1.5 Treating Verbal Interest as Approval
Many beginners mistake curiosity for commitment. A manager may love the idea in a conversation, but that does not mean the organization is prepared to adopt the machine or support it when issues come up. AI vending introduces change: cashless-only buying, a new purchase flow, and new expectations around stocking, pricing, and support. That means approval is not a yes in a hallway conversation. Approval is operational agreement. Real approval includes agreement on placement location, power access, Wi-Fi or cellular expectations, how users will be introduced to the machine, what happens if someone claims they were overcharged, and who the decision-maker is when changes are needed. Distributors often catch this because they have seen “yes” turn into silence after delivery, or a machine installed in a poor spot because no one clarified ownership of the decision. If you treat verbal interest as approval, you will install first and negotiate later. That is backwards, and it usually costs you.

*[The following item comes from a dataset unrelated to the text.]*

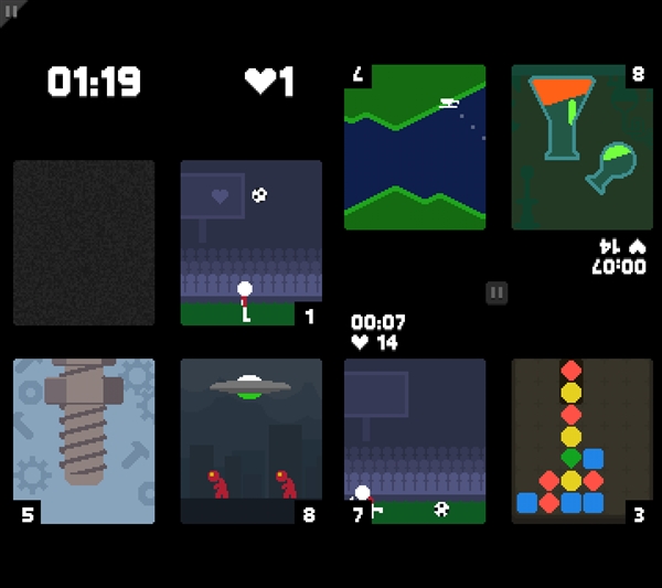 Mini Mix Mayhem是一款像素風(fēng)格的小游戲,這款游戲很有特色,它把數(shù)個(gè)小游戲同時(shí)集中在屏幕上,讓你同時(shí)玩四款游戲,每個(gè)小游戲有九秒的時(shí)間,玩家必須在這時(shí)間內(nèi)完成所有游戲的要求,不然就會(huì)損失一條命,共有10條命,看你能堅(jiān)持幾關(guān)呢。

Helpful tips and insights:
• Always confirm who owns the decision: manager, HR, facilities, building owner, corporate, or a committee. If you cannot name it, you do not have approval.
• Ask a simple approval question: “If someone has an issue with a purchase, who do they report it to?” The answer reveals readiness immediately.
• Require a placement commitment: exact location, access hours, and contact person for service. Soft commitments create future conflict.
• The best locations communicate the launch internally. If they refuse to communicate, adoption will be slower and complaints will be higher.
• A quiet but powerful tactic: ask if the location has removed machines before and why. You learn their real expectations in one conversation.